CalPERS does away with traditional asset allocations

The £220bn US public pension system will allocate 63% of its assets to its ‘growth’ pool of public stocks and private equity holdings.

The California Public Employees’ Retirement System (CalPERS), a hugely influential private equity LP, has decided to rethink the way it allocates its $220 billion in assets under management to various asset classes.

The pension system will sort its various investments into five major groups according to how they function in high- or low-growth markets and the prevailing inflation environment, it said in a statement on Tuesday.

Real estate, infrastructure, and forestry assets – the so called “real” group – will account for 13 percent of the mix. This group will provide the pension with long-term income returns that are less sensitive to inflation risk, it said.

Public equity stocks and private equity will make up the “growth” group, which will provide the pension with exposure to rising markets, and will account for 63 percent of the portfolio.

The “income” group, comprising treasury inflation-protected securities and other fixed income securities will be 16 percent.

The other two groups will be “inflation” – comprising commodities and inflation-linked bonds – at 4 percent and “liquidity” – cash and easily convertible government bonds – at 4 percent.
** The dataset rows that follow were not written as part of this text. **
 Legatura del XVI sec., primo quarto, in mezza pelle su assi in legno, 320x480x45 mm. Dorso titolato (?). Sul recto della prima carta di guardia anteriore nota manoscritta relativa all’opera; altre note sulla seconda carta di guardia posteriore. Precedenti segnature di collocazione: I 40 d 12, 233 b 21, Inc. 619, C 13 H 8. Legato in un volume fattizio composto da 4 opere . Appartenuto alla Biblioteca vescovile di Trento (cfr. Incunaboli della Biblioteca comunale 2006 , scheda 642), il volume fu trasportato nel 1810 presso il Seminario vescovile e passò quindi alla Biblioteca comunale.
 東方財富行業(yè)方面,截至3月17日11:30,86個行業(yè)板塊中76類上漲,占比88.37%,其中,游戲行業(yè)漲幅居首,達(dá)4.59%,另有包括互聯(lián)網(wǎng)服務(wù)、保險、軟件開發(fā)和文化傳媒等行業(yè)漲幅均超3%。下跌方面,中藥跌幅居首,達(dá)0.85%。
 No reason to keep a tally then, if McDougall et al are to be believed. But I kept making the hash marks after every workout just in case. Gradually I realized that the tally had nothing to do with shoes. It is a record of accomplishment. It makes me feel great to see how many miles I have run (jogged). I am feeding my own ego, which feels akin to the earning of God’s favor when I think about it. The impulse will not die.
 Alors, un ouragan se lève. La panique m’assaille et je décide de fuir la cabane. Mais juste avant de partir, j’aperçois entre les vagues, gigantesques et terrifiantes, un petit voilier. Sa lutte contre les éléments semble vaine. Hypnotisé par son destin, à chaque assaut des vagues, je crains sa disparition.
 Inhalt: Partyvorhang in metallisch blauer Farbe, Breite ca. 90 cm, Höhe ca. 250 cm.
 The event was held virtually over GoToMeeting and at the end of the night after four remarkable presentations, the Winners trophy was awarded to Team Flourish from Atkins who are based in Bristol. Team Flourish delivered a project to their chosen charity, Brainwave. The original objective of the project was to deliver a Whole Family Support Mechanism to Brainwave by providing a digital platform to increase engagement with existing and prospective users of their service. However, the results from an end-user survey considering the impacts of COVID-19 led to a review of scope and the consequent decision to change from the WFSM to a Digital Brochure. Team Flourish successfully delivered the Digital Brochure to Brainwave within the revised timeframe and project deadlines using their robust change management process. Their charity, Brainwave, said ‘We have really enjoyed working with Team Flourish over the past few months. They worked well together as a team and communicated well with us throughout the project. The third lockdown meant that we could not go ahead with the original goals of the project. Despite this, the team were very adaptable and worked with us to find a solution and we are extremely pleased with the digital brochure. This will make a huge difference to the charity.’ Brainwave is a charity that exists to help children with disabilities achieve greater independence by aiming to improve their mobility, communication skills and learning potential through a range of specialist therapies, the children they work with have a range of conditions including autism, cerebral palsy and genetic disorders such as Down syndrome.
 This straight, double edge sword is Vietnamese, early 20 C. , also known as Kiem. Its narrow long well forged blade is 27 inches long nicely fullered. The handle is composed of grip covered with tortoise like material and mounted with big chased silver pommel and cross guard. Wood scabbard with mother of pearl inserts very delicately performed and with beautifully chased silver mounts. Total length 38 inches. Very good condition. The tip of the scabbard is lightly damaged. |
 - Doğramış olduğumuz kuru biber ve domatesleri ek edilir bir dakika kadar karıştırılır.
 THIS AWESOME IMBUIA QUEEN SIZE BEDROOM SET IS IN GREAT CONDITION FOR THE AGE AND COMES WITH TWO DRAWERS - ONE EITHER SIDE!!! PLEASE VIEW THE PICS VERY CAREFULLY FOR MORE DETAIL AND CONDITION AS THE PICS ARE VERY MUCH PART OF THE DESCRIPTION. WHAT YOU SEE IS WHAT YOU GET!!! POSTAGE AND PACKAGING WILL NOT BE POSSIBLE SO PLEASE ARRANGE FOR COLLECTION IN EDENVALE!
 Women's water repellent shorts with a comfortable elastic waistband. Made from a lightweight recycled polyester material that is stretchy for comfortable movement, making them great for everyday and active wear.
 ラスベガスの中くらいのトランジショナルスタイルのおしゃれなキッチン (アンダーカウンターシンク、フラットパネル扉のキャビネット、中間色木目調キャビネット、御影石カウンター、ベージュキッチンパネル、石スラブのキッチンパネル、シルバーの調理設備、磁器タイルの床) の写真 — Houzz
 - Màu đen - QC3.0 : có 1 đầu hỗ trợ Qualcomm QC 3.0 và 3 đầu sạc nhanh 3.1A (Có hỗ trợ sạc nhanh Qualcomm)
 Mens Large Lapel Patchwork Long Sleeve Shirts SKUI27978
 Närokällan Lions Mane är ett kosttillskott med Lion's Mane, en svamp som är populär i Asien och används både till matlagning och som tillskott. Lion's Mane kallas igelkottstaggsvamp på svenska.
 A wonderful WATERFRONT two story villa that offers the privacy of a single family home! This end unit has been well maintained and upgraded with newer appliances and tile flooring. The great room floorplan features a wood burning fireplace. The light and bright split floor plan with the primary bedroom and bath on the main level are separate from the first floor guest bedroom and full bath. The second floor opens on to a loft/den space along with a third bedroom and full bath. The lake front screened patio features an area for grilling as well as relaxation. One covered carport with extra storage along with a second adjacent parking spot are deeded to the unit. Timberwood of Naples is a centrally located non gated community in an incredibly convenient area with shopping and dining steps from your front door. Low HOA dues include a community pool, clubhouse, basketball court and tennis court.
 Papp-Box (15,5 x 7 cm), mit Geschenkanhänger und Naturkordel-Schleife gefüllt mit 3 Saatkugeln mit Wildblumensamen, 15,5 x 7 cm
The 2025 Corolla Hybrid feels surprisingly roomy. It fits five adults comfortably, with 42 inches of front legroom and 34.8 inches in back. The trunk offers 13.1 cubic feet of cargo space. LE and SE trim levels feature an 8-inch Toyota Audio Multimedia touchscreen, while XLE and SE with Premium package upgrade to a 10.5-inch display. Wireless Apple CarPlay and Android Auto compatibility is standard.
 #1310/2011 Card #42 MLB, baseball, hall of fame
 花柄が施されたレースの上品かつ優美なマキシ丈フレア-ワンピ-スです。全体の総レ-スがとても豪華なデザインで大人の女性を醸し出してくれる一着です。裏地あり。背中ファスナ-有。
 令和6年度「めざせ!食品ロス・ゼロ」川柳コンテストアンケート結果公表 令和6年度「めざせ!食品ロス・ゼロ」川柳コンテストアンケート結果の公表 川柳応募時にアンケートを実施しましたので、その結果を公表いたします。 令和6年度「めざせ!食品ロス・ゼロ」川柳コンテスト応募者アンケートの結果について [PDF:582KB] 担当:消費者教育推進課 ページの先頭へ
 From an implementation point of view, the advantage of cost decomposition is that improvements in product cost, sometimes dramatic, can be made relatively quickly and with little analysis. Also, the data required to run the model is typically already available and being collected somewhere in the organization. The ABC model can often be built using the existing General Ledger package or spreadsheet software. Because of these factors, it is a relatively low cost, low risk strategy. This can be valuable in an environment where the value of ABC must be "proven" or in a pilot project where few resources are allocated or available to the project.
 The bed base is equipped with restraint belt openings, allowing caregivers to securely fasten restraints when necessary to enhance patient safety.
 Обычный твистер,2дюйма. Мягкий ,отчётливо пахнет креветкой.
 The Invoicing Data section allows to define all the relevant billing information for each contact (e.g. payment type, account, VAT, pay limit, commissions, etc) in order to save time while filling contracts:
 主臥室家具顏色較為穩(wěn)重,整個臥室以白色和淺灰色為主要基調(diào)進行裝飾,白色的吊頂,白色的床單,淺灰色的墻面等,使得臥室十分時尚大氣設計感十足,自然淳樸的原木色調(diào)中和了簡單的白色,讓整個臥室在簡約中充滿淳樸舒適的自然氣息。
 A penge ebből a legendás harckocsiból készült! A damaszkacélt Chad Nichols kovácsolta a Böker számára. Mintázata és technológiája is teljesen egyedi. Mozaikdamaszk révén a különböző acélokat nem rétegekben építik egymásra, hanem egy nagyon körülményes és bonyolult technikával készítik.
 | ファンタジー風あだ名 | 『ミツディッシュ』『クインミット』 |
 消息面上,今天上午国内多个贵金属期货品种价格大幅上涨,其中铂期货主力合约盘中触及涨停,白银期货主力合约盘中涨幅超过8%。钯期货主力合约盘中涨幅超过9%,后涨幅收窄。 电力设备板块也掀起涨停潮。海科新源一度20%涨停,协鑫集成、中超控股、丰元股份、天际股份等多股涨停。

“We learned in the financial crisis and the past recession that a liquidity crunch or inflation can have a significant impact on portfolio performance in ways that many investors didn’t anticipate,” said Rob Feckner, CalPERS’s board president. “We focused on assets and returns, but not enough on the risk of our allocations.”

The current allocations “won’t change much,” said George Diehr, who chairs CalPERS’s investment committee, but the pension will “now have a better way to look at risk and account for what’s happening in the markets and to re-categorize our assets according to what drives them.”

Joseph Dear, the pension’s chief investment officer, hinted at a conference earlier this year that the traditional asset allocation model may be discarded by CalPERS, but that illiquid assets such as private equity would continue to make up an important part of the portfolio.

In the statement Tuesday Dear commented: “You can’t get solid returns without taking risk, but we want to make sure we know what that risk is and that we’ll be paid to take it.”